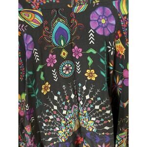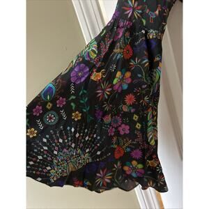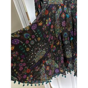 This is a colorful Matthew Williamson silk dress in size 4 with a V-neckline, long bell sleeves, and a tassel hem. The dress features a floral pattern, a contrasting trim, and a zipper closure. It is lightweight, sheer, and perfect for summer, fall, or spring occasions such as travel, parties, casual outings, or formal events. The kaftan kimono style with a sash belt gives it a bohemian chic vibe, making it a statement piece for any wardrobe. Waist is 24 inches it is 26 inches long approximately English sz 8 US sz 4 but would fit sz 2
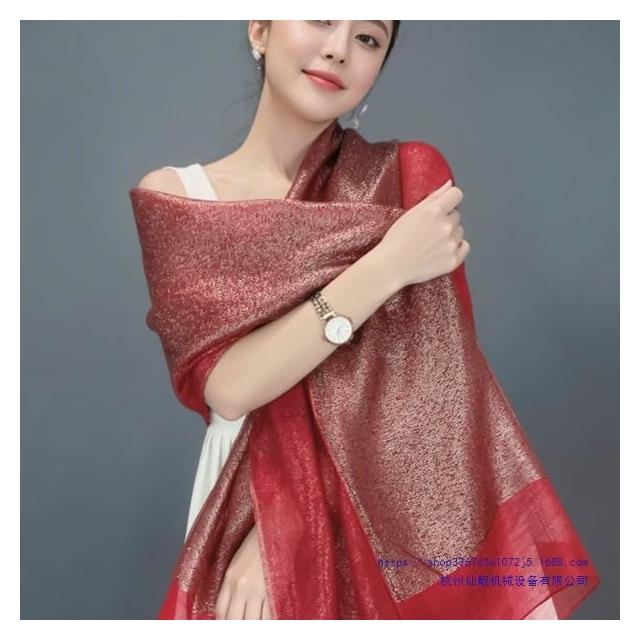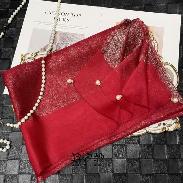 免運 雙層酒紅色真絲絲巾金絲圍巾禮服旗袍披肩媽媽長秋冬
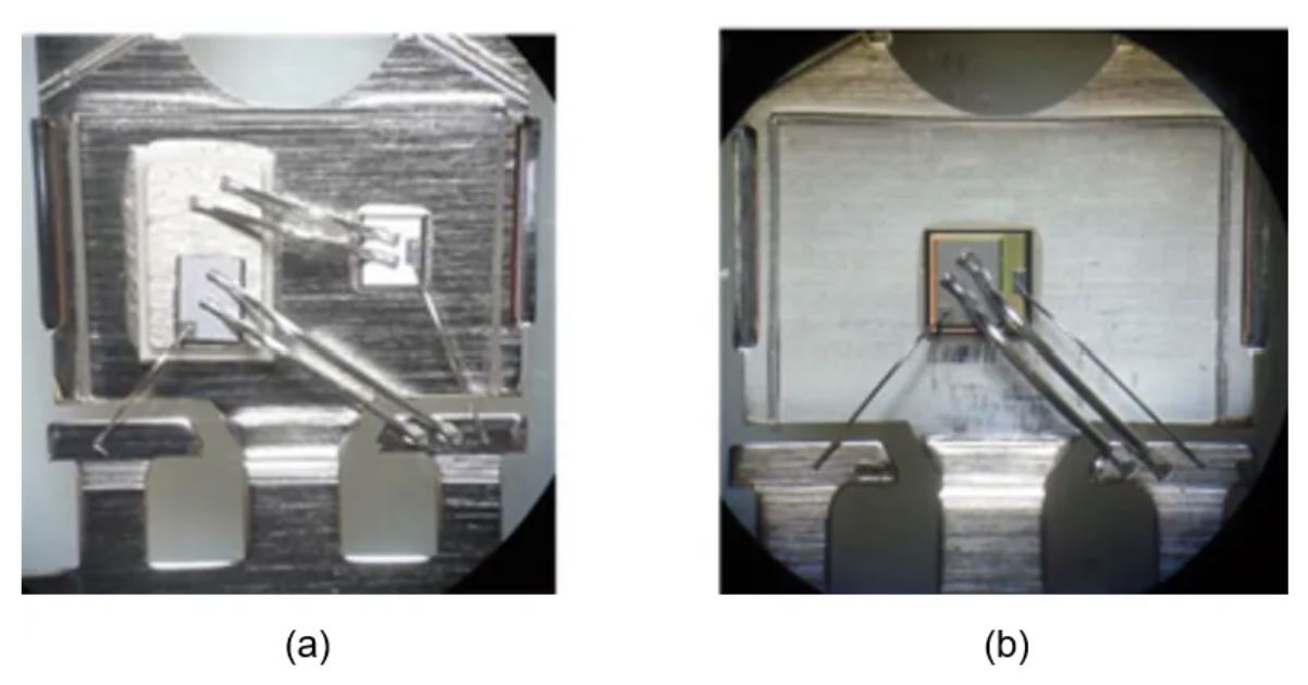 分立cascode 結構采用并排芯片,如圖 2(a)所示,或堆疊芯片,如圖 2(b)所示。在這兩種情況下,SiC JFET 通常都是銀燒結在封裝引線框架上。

*-*-*

■ **EXERCISE**
None of the pictures belong in the copy; repeat all other material exactly.

■ **TASK OUTPUT**
 This is a colorful Matthew Williamson silk dress in size 4 with a V-neckline, long bell sleeves, and a tassel hem. The dress features a floral pattern, a contrasting trim, and a zipper closure. It is lightweight, sheer, and perfect for summer, fall, or spring occasions such as travel, parties, casual outings, or formal events. The kaftan kimono style with a sash belt gives it a bohemian chic vibe, making it a statement piece for any wardrobe. Waist is 24 inches it is 26 inches long approximately English sz 8 US sz 4 but would fit sz 2
 免運 雙層酒紅色真絲絲巾金絲圍巾禮服旗袍披肩媽媽長秋冬
 分立cascode 結構采用并排芯片,如圖 2(a)所示,或堆疊芯片,如圖 2(b)所示。在這兩種情況下,SiC JFET 通常都是銀燒結在封裝引線框架上。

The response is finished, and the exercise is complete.